• [Task]:
From the line with "Envoyez par email" to the end of the data below, restate each line word for word, both ends included, without the pictures.
++++ Input
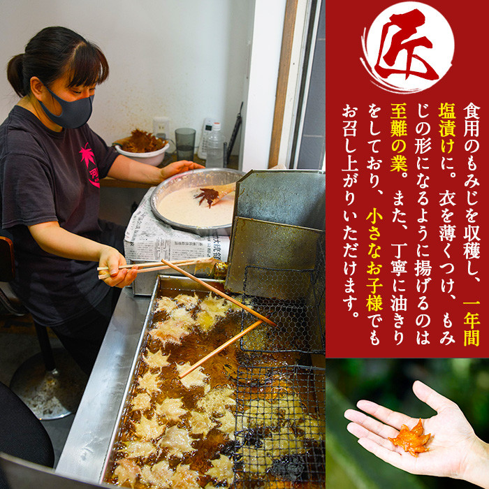 もみじの葉に衣をつけて油で揚げているので、見た目も可愛らしく、風情があります。
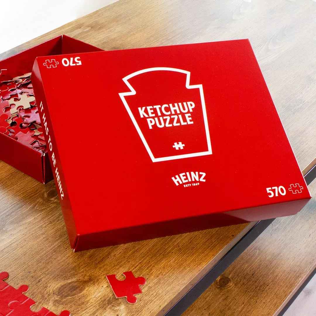 The press release reads: “Heinz recently stepped in to help people around the world pass the time by releasing the Heinz Ketchup Puzzle, an all-ketchup, 570-piece red puzzle. Due to an overwhelming response, a limited run of Heinz Ketchup Puzzles are now available for purchase online … Heinz is making a $10,700 donation (107,000 meals) to Feeding America, which represents the U.S. profits of sales from the puzzle.”
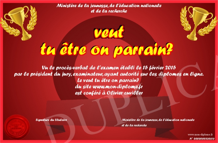 Envoyez par email votre veut tu être on parrain? personalisé
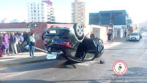 Colisión y volcamiento en Avenida Argentina dejó tres lesionados
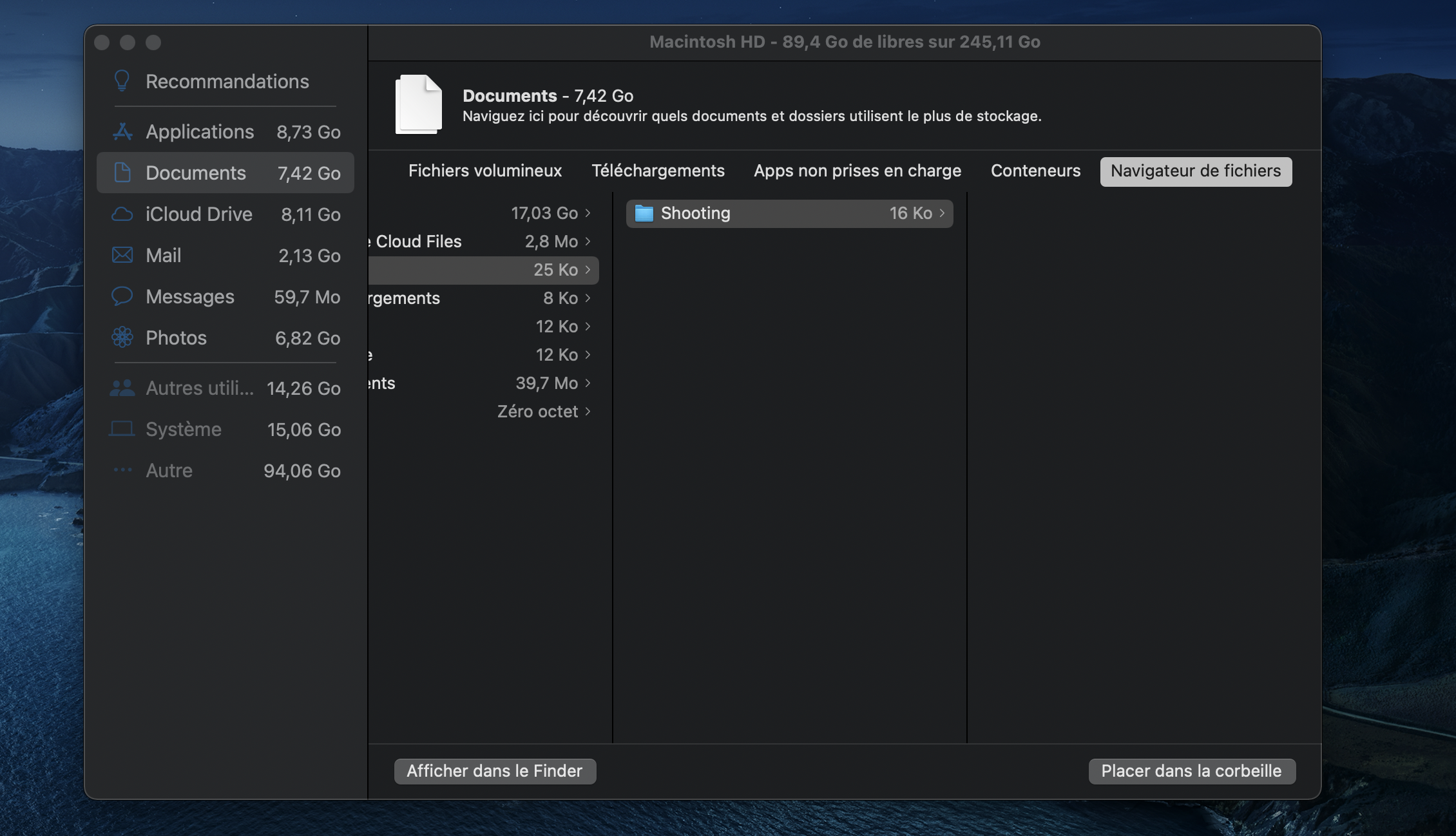 Si ce volume de "autres" est apparu à l'occasion du transfert de données d'un ancien Mac vers votre nouveau Mac M1, attendez quelques jours. Cela peut fortement diminuer tout seul au fur et à mesure de l'utilisation du nouveau Mac.
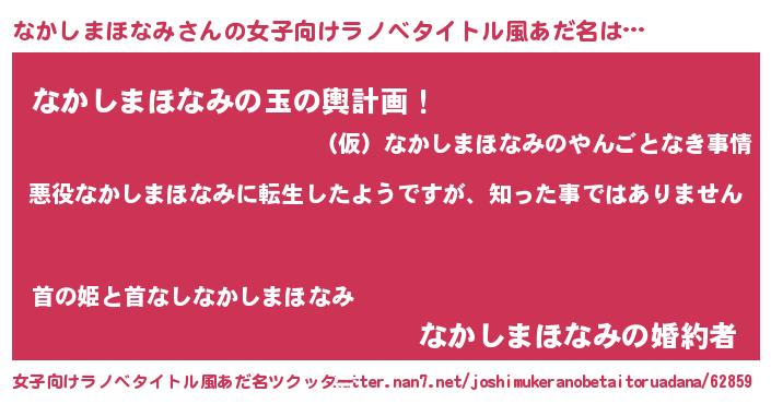 | 男性向けラノベタイトル風あだ名 | 『この素晴らしい世界になかしまほなみを!』 |
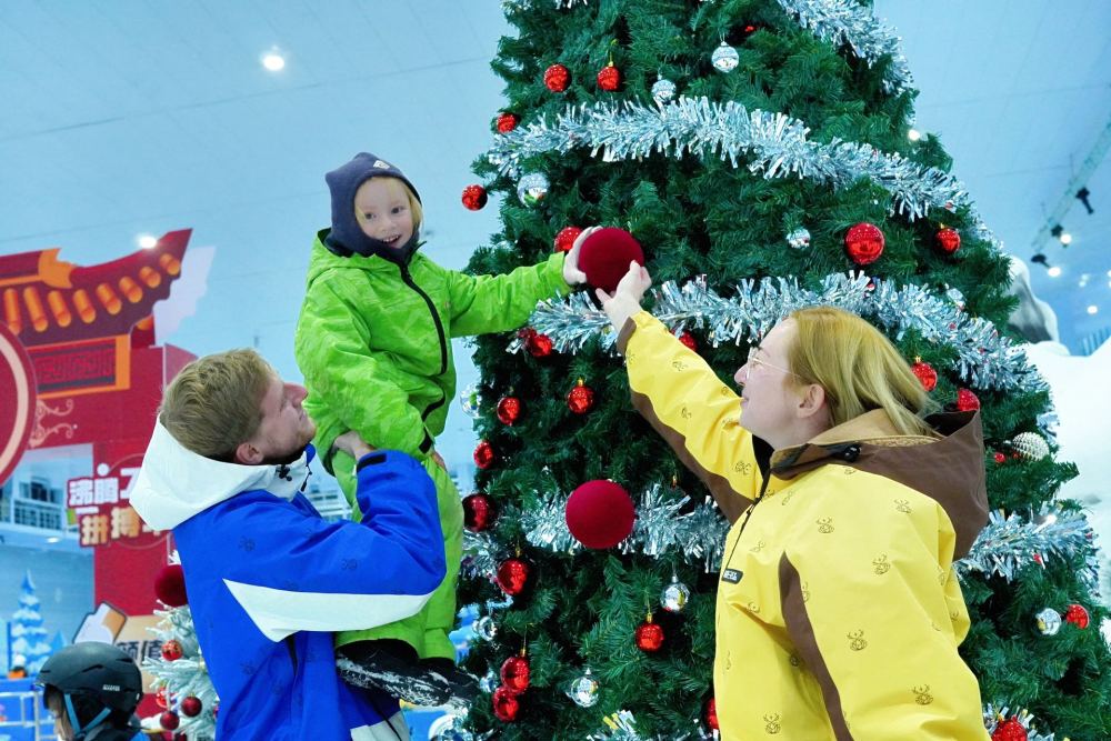 滑雪爱好者在深圳·前海冰雪世界参加迎新年活动↑
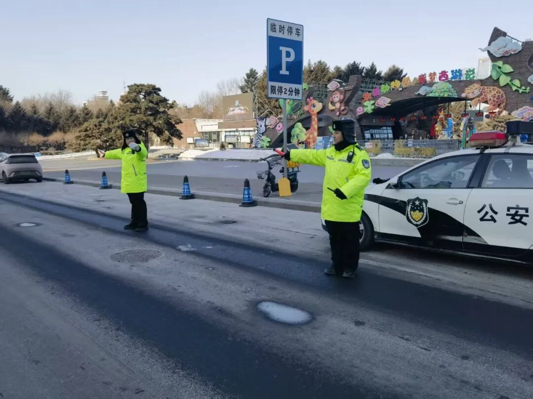 白山长白交警针对节日期间车流人流集中、路面易结冰的实际,科学部署警力,将重点路段列为管控重点,在易积雪结冰路段采取定点值守与动态巡逻相结合的方式,实时互通信息、处置突发情况,筑牢安全防线。
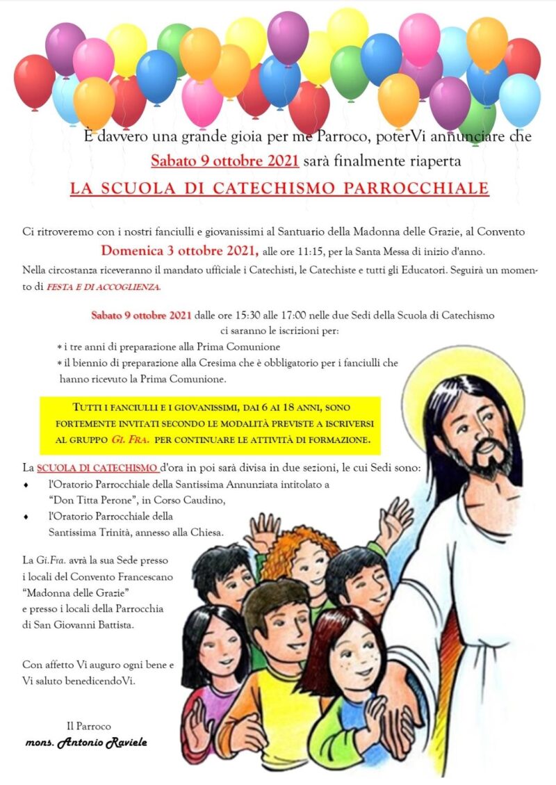 Montesarchio, ai nastri di partenza la scuola di catechismo Don Antonio Raviele ha organizzato a Montesarchio la scuola di catechismo parrocchiale, che partirà domenica 3 ottobre. Per il programma vedi il manifesto…
++++++++
• [Written solution]:
 Envoyez par email votre veut tu être on parrain? personalisé
 Colisión y volcamiento en Avenida Argentina dejó tres lesionados
 Si ce volume de "autres" est apparu à l'occasion du transfert de données d'un ancien Mac vers votre nouveau Mac M1, attendez quelques jours. Cela peut fortement diminuer tout seul au fur et à mesure de l'utilisation du nouveau Mac.
 | 男性向けラノベタイトル風あだ名 | 『この素晴らしい世界になかしまほなみを!』 |
 滑雪爱好者在深圳·前海冰雪世界参加迎新年活动↑
 白山长白交警针对节日期间车流人流集中、路面易结冰的实际,科学部署警力,将重点路段列为管控重点,在易积雪结冰路段采取定点值守与动态巡逻相结合的方式,实时互通信息、处置突发情况,筑牢安全防线。
 Montesarchio, ai nastri di partenza la scuola di catechismo Don Antonio Raviele ha organizzato a Montesarchio la scuola di catechismo parrocchiale, che partirà domenica 3 ottobre. Per il programma vedi il manifesto…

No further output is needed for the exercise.